As data center traffic increases, challenges rise for existing optical transceivers. For data center interconnects (DCIs) transmission distance matters and drives specifications of optical transceivers. For metro DCIs (>100 km), high bit rate and small form factor is imperative for next generation transceiver. On extended reach DCIs (<100 km) low cost and compact transceivers are a necessity and hence direct detection predominates over coherent detection. It is the overall aim of this work to investigate ways to enhance the optical transceiver higher data rate by considering novel architectures while considering proper transmission distance for each DCI applications.
In the case of metro DCI system, we propose a novel phase diversity concept to realize an arbitrary optical hybrid. The method allows a potential in a direct reduction of optical front-end complexity using single-ended detection. We also propose a systematic digital signal procecssing approach to achieve polarization division multiplexing of 400G per wavelength using conventional coherent reception. We demonstrate experimentally the recorded 448 Gb/s (56 Gbaud PDM-16QAM) transmission over 320 km employed digital-to-analog converters operating with sampling rate of 65.7 GS/s.

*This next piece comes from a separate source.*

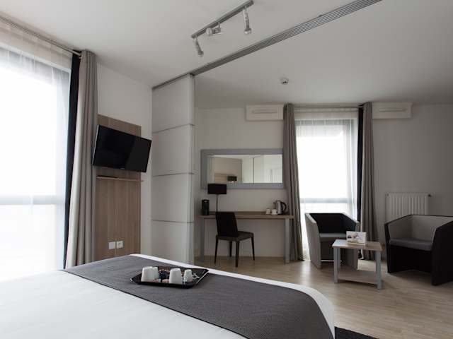 Die 36 Nichtraucherzimmer des Hotels erstrecken sich über 6 Stockwerke und bieten den Gästen Komfort und Gemütlichkeit. Jedes Zimmer verfügt über ein Doppelbett, einen Safe und einen Schreibtisch. In der Kochnische finden Sie einen Kühlschrank und eine Mikrowelle. Zur weiteren Ausstattung gehören ein Telefon, ein Flachbildfernseher und WLAN. Im Badezimmer gibt es eine Dusche, einen Haartrockner und kostenlose Kosmetikartikel. Für Familien mit Kindern stehen auch Familienzimmer zur Verfügung.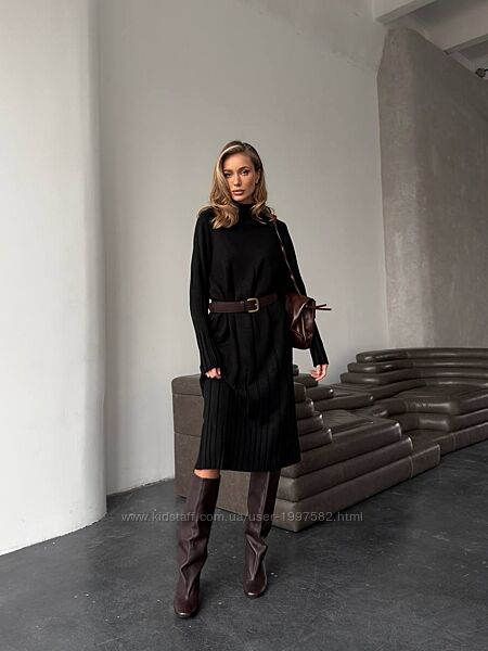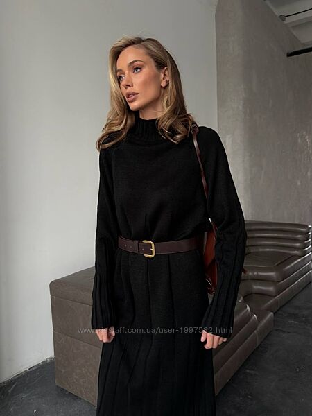 Подробное описание: Жіноча сукня міді з горлом тепла в´язана з довгим рукавом вільна зимова

In the scenario of short reach DCI, we propose DSP algorithms to enable two, three and four dimensional modulation in direct detection transceiver. In particular, employing a dual-polarization Inphase-Quadrature modulator and a Stokes-vector receiver, we achieve the records of long reach transmission of 200 Gb/s, 300 Gb/s, and 400 Gb/s per wavelength for 2D, 3D, and 4D respectively. The results imply that our proposed work can quadruple the capacity of conventional intensity modulation/ direct detection at a longer transmission distance.